__Requirement__
Leaving the pictures aside, transcribe the data below exactly.

__Data block__

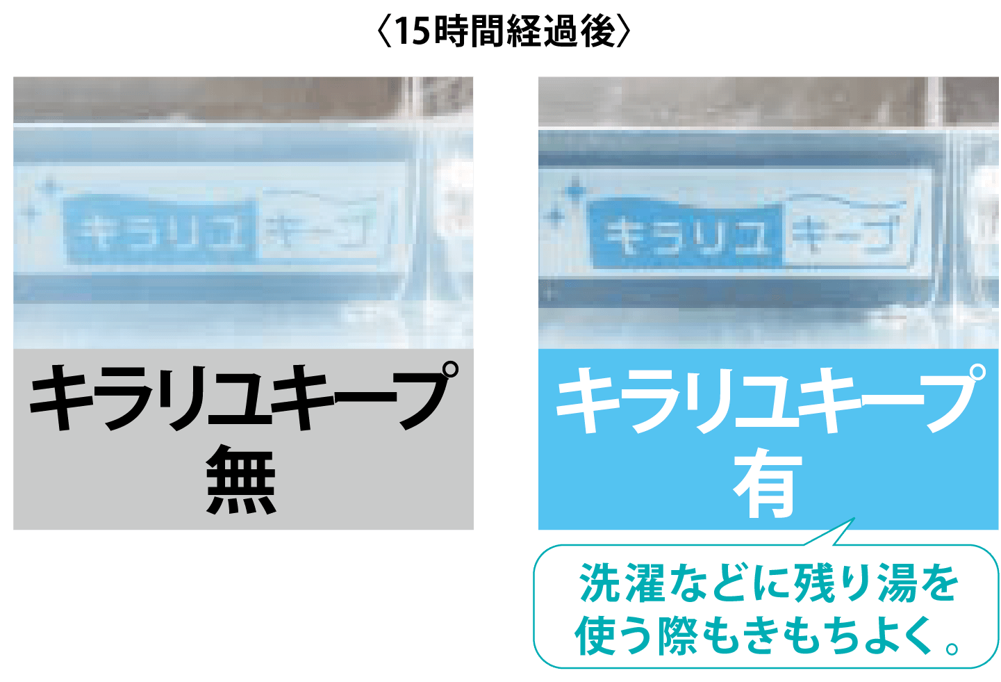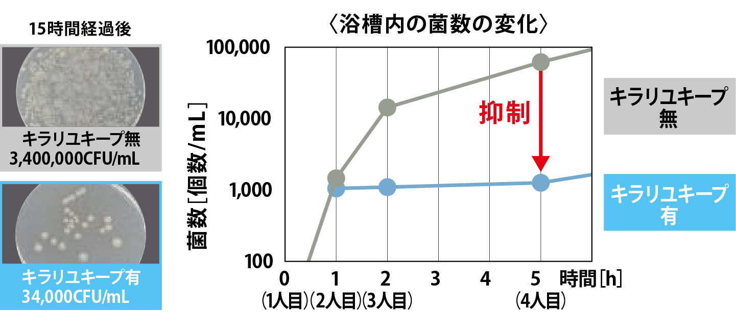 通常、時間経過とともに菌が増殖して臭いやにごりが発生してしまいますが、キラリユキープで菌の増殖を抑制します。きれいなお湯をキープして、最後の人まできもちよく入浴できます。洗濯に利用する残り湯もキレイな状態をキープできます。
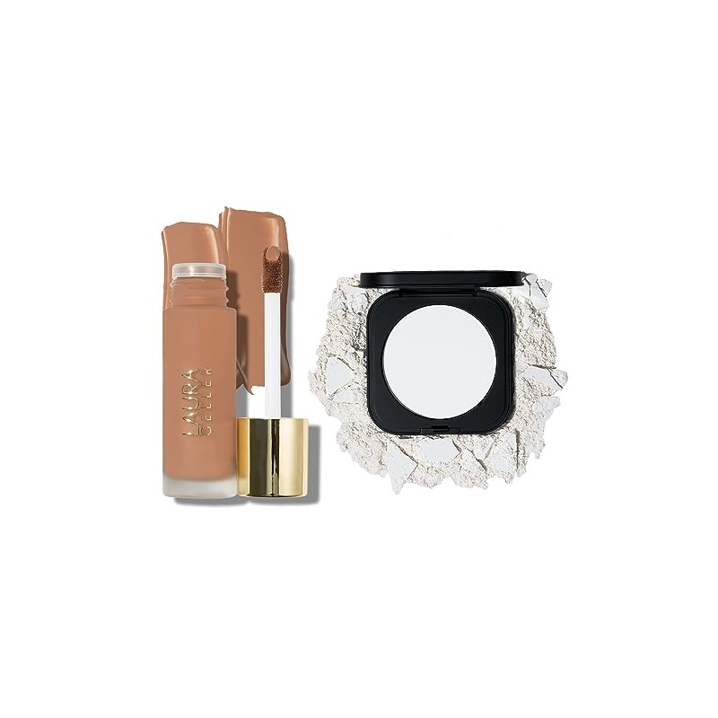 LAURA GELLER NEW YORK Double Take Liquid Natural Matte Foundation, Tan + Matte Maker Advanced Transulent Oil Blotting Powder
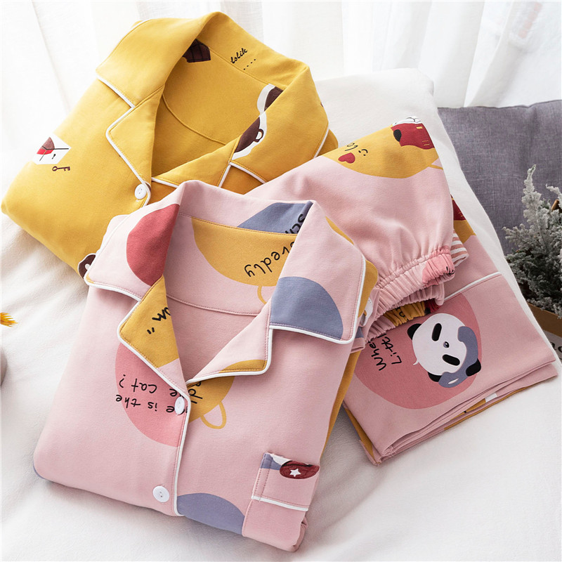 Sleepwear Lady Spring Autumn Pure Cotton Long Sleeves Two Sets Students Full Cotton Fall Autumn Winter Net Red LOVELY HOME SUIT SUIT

__Answer area__
 通常、時間経過とともに菌が増殖して臭いやにごりが発生してしまいますが、キラリユキープで菌の増殖を抑制します。きれいなお湯をキープして、最後の人まできもちよく入浴できます。洗濯に利用する残り湯もキレイな状態をキープできます。
 LAURA GELLER NEW YORK Double Take Liquid Natural Matte Foundation, Tan + Matte Maker Advanced Transulent Oil Blotting Powder
 Sleepwear Lady Spring Autumn Pure Cotton Long Sleeves Two Sets Students Full Cotton Fall Autumn Winter Net Red LOVELY HOME SUIT SUIT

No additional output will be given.